Hack Away At The Unessentials. Tips To Combat Self-Sabotage
Self sabotage. It is one of those topics, especially as it pertains to running, that is vital in studying to get the best out of your running.
I had one of my readers mention that she had friends who have told her she can run longer and faster but as she states, ‘they say I freak out and never pull it off’.
The most important thing I can do here at rundreamachieve.com is put out my own faults, speak about them up front as I can relate to runners like this.
I surely am not the best in the world, but I have improved over a long career, thus far, by hacking away at the unessentials in my life as they pertain to running.
Unessential is defined as anything that is not important, dispensable. Self sabotage is the enemy when it comes to athletic performance, life in general.
We worry about things that don’t even exist, concern ourselves with other people, focus on things that are not even in our control.
I hope by listing some of the mistakes I have made in the past and ways I fought my own self sabotage in training and competitions.
I hope these will hope you combat roadblocks that may have been in your way in the past and help you run your very best in 2013.
Mistakes I have made as a runner over the years. Sound familiar?
1. Too immersed into the activity. What do I mean? There is more to life then running. Be passionate about the sport but don’t let it ruin your life, make you unhappy trying to attain goals.
Remember, a tough goal should be hard but also a process, not soley an event.

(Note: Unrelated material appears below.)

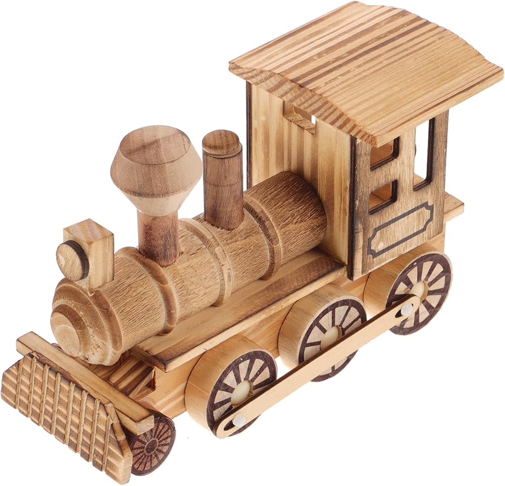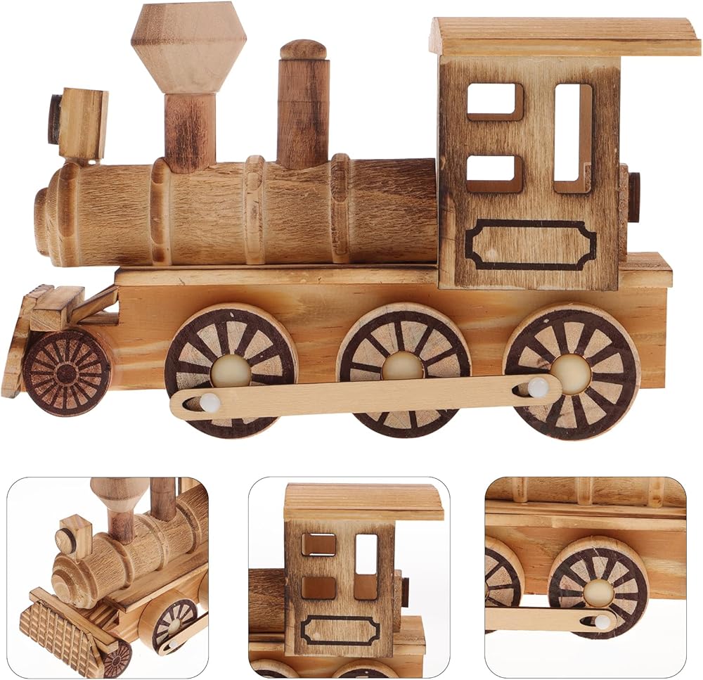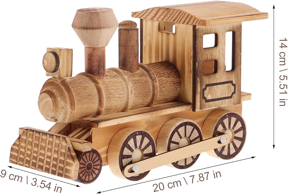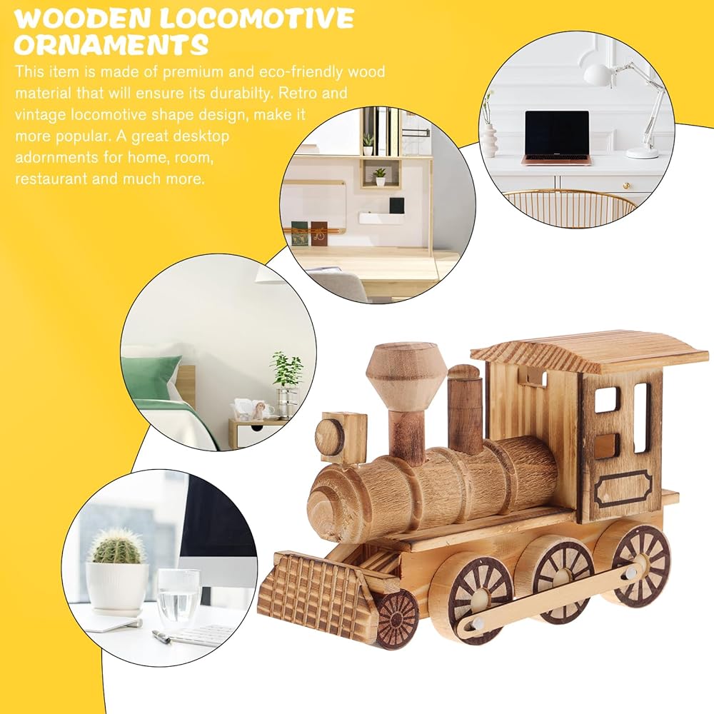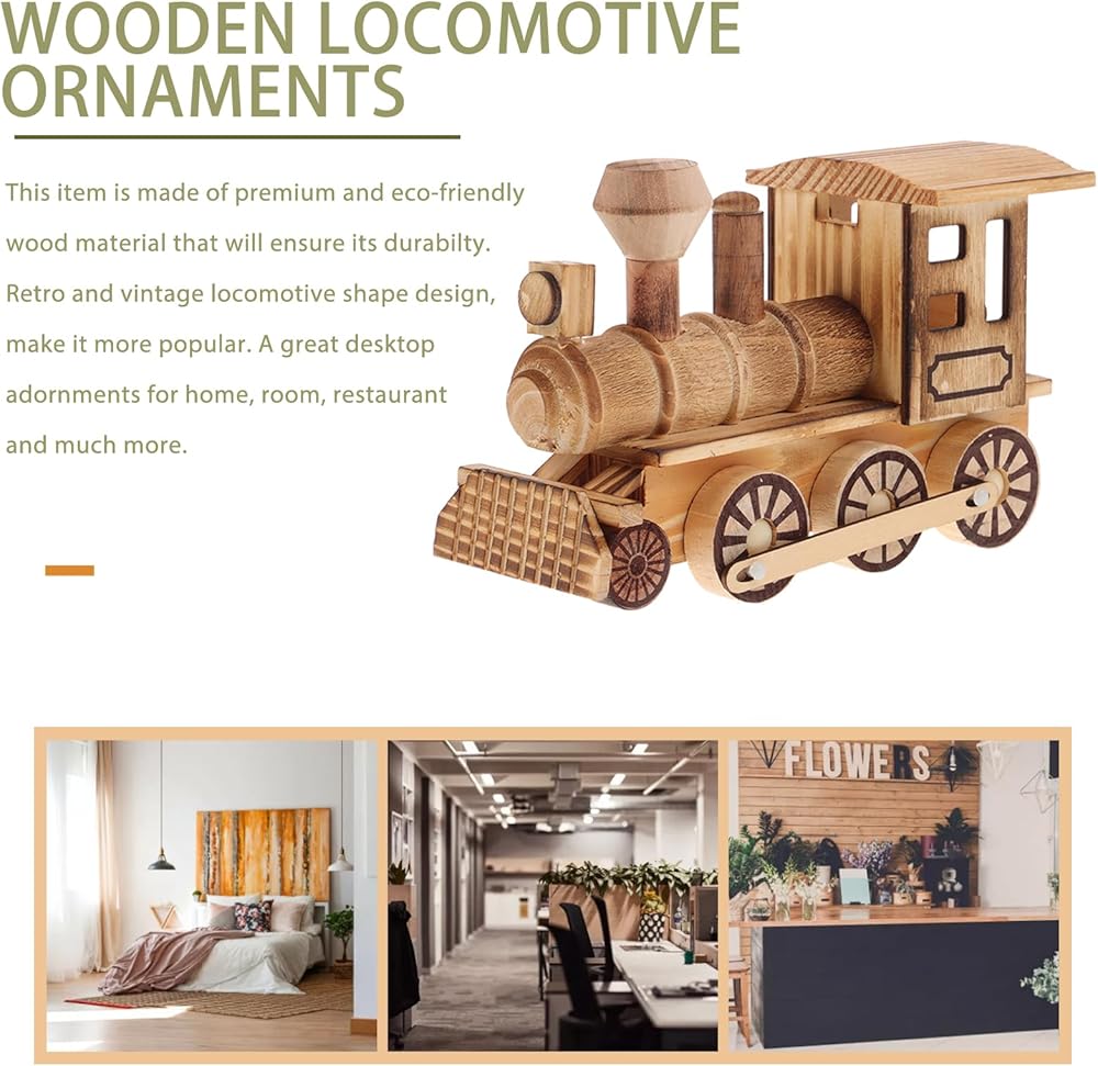 Vintage Train Figurine Retro and vintage locomotive shape design, make it more popular. toys A great desktop adornments for home, room, restaurant and much more.Desktop This item is made of premium and wood material that will ensure its durabilty

2. Focusing on what times other runners were putting up. Trying to measure up to other runners is not being original. You are one of a kind, there is no one on the planet like you.
What other runners were doing was wasting my time and causing worry in my life that I didn’t need. If you see another athlete hitting times you want to achieve. Have patience to see similar efforts in your own running.
3. Lack of balance. This goes back to number 1. It can’t just be running all the time. When I was competing or the Army World Class Athlete Program my full-time job was to compete.
Soldiers who are in this military unit, unlike Soldiers in regular Army units, have no other concerns other then training within their respective sports.
What was lacking when I was competing there was overall balance.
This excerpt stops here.